Putting this in GD since it’s a little too broad for GQ. As the recent actions in South Dakato bring up the Roe vs Wade argument for the umpteenth time, I decided I need some background info about the whole subject of what can and can not be proscribed by law in the United States.

Here’s what I understand to be true, please correct if necessary:

  1. The US Constitution declares that people have inaliable rights that no legitimate government of a free people should impinge upon. Some are stated explicitly, and the rest are held to be implicit under the Ninth amendment. As originally written this technically only applied to actions of the federal government but subsequent amendments are held to apply it to the states as well.

  2. The constitution itself does not provide a mechanism for addressing or correcting impingements of rights by the government. This has been handled by the Supreme Court’s famous Marbury ruling that said that the Supreme Court can declare laws unconstitutional, and therefore null and void. Under the common law doctrine followed by the United States, court rulings set precedents that form the foundation for further decisions.

  3. In various cases that have reached the Supreme Court, the court has consistantly rejected libertarian arguments, and has declared that the government has a legitimate compelling interest in regulating society and personal behavior.

  4. In Roe VS Wade the Supreme Court ruled that laws flatly proscribing abortion are an infringement of a “right to privacy” that was held to be implicit in the US constitution, it’s amendments and the body of jurisprudence that previous court rulings have established. Many detractors bitterly disagree.

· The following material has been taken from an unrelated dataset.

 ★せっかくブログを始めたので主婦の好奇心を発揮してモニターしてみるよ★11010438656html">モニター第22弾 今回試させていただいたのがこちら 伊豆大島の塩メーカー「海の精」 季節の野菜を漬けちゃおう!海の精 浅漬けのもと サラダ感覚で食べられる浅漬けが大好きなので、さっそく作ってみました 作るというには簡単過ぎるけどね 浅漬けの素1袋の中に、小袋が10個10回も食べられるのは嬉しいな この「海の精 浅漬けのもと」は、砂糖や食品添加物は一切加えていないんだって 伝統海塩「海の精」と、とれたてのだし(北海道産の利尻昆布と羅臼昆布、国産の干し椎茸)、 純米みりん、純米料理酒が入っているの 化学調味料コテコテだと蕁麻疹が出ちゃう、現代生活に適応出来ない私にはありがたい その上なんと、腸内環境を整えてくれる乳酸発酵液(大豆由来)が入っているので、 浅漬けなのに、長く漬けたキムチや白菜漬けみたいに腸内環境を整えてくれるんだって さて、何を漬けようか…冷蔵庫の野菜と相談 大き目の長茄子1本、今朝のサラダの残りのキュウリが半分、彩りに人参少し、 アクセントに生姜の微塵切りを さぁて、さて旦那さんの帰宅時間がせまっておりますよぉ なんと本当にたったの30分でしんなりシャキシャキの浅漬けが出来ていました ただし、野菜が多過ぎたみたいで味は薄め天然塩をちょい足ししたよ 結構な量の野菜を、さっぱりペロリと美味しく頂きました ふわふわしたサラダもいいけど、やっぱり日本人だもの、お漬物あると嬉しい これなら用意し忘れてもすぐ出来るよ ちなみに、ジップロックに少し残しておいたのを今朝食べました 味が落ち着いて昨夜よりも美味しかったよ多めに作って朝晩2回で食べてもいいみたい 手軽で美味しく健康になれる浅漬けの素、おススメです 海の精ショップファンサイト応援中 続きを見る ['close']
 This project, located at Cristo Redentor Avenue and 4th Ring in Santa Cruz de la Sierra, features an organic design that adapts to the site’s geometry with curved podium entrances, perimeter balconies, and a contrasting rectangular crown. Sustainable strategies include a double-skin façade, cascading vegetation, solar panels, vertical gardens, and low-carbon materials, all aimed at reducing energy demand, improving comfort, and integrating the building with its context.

So I"m rather confused as to what can and can not be made illegal in the United States. And by the noise of the whole debate I would guess a lot of other people are too. Clarification would be greatly appreciated.

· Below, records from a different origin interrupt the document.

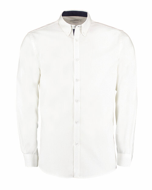 Contrast inner collar stand inner cuff and cuff placket.
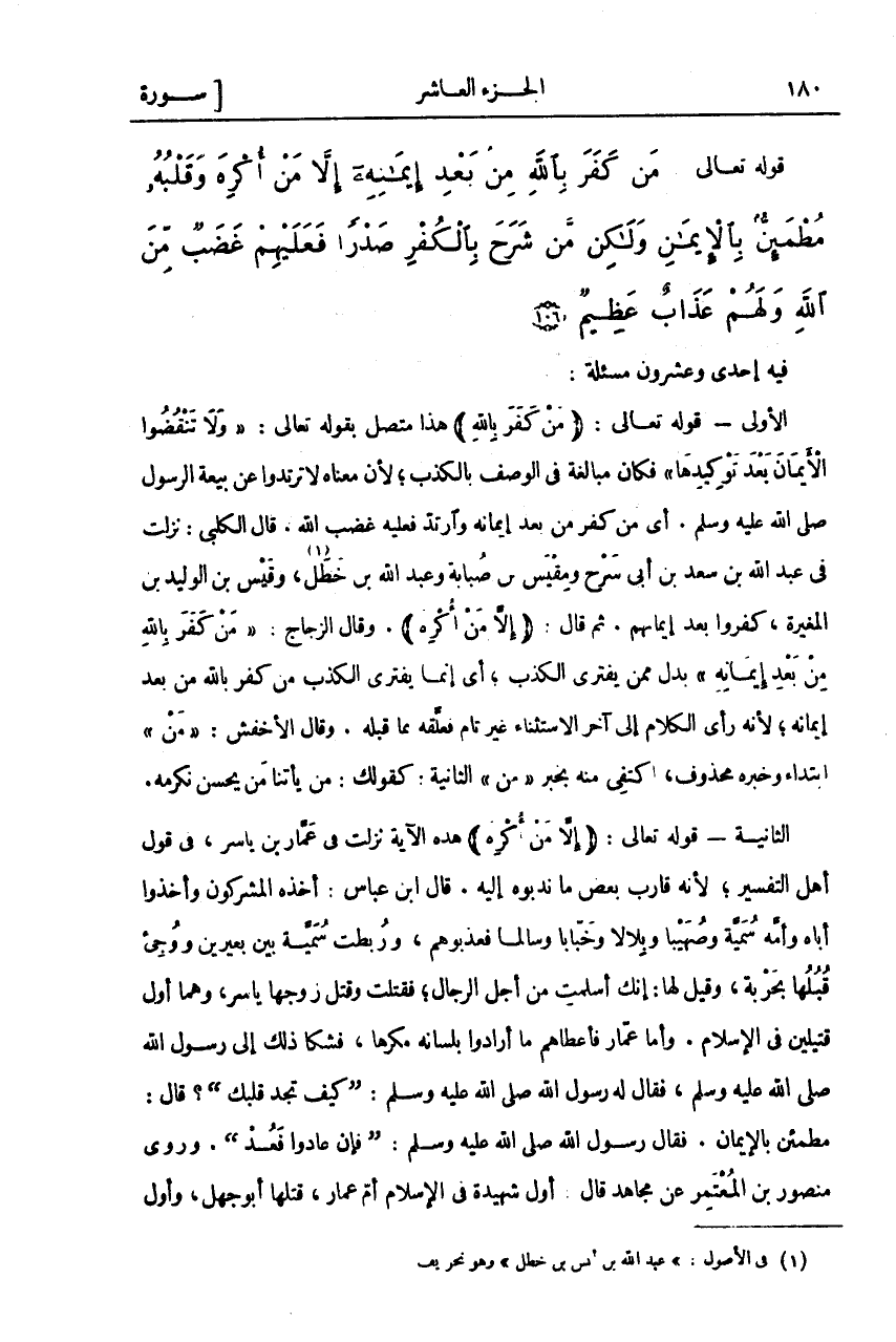مَنْ كَفَرَ بِاللَّهِ مِنْ بَعْدِ إِيمانِهِ إِلاَّ مَنْ أُكْرِهَ وَقَلْبُهُ مُطْمَئِنٌّ بِالْإِيمانِ وَلكِنْ مَنْ شَرَحَ بِالْكُفْرِ صَدْراً فَعَلَيْهِمْ غَضَبٌ مِنَ اللَّهِ وَلَهُمْ عَذابٌ عَظِيمٌ (١٠٦)
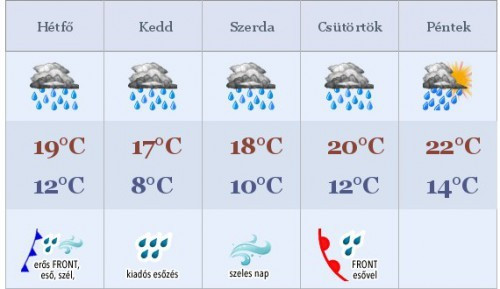 Hétfőn a hidegfronti hatás következtében már erősödhetnek reumatikus és görcsös panaszaink, emellett a légzőszervi megbetegedésben szenvedőknek a párás, fülledt levegő fokozott megterhelést jelenthet, valamint megnövekedhet a reflexidő is. A változékony idő egyeseknél koncentrációs nehézségeket, dekoncentráltságot okozhat. A szeles idő fejfájást okozhat.
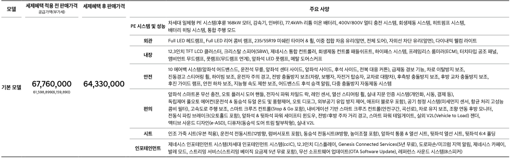 ===제네시스 GV60 가격표===
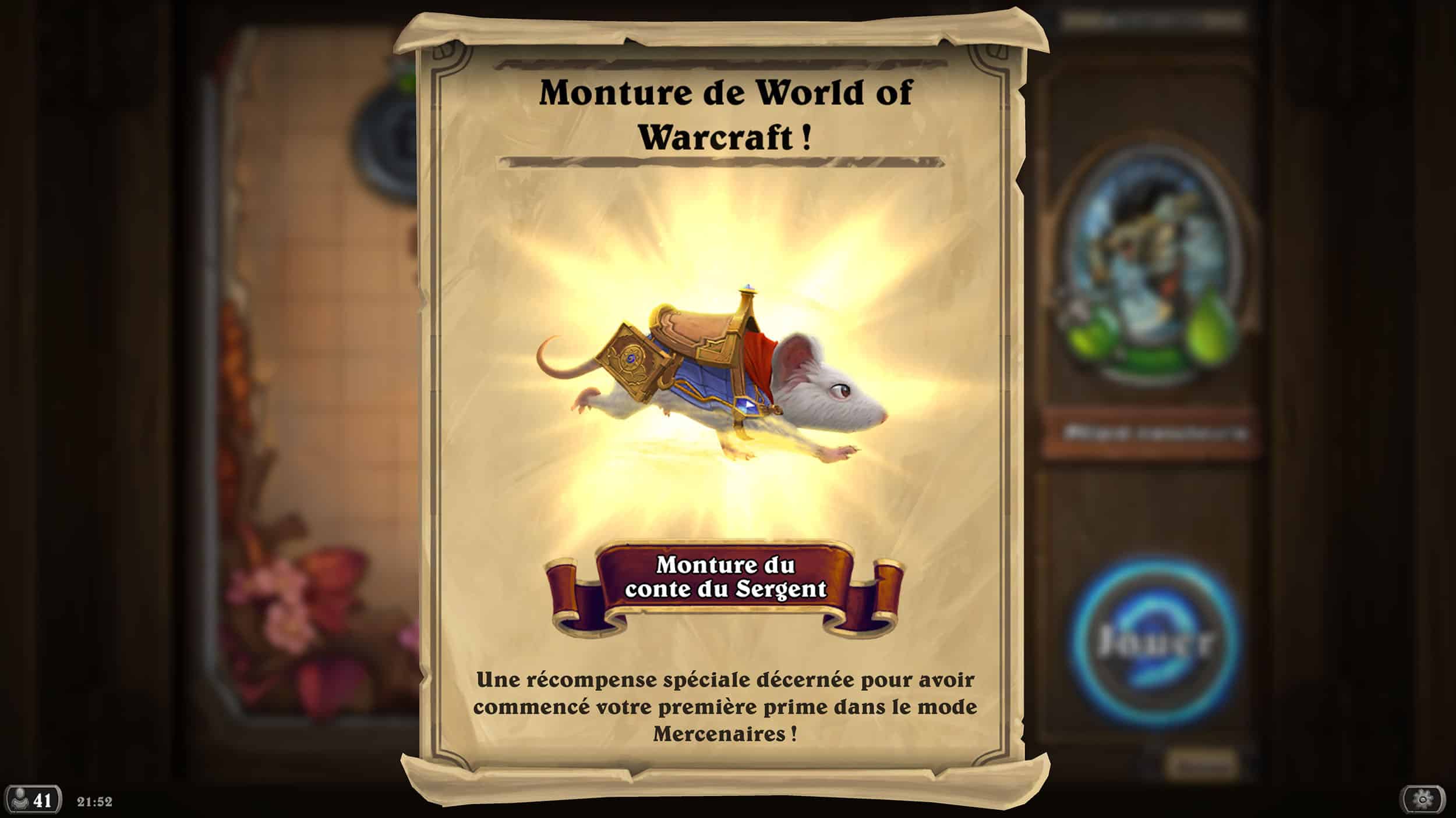 Depuis le mardi 12 octobre, le nouveau mode « Mercenaires » est disponible sur le jeu de cartes Hearthstone dans toutes les régions du monde. Ce nouveau mode de jeu gratuit, combinant des éléments de jeu de rôle et de roguelike, permet d'obtenir la nouvelle monture Histoire de sergent sur World of Warcraft lorsque le didacticiel est terminé. La fosse de combat des Mercenaires sur Hearthstone accueille tous les nouveaux aventuriers pour chasser des primes avec un groupe composé de six mercenaires au maximum contre plusieurs ennemis jusqu'au boss final. Ce prologue ne requiert aucune expérience, aucune pièce d'or ou argent réel pour obtenir gratuitement cette monture au bout de plusieurs minutes d'introduction.

I know there’s a question buried in there somewhere, it’s just hard to get to.

First of all, regarding laws that are judged by the SC to be constitutional and unconstitutional, it’s important to go back to the Constitution and distinguish federal and state powers. The federal government is limited in several important ways. For instance, there is no general federal police power. This means that the federal government can’t make murder illegal across the US if federal land or federal employees are not involved. The federal government may be able to come up with a justification for such a law if it relates to one of its defined powers, such as regulating interstate commerce or the responsibilities of the president as commander-in-chief.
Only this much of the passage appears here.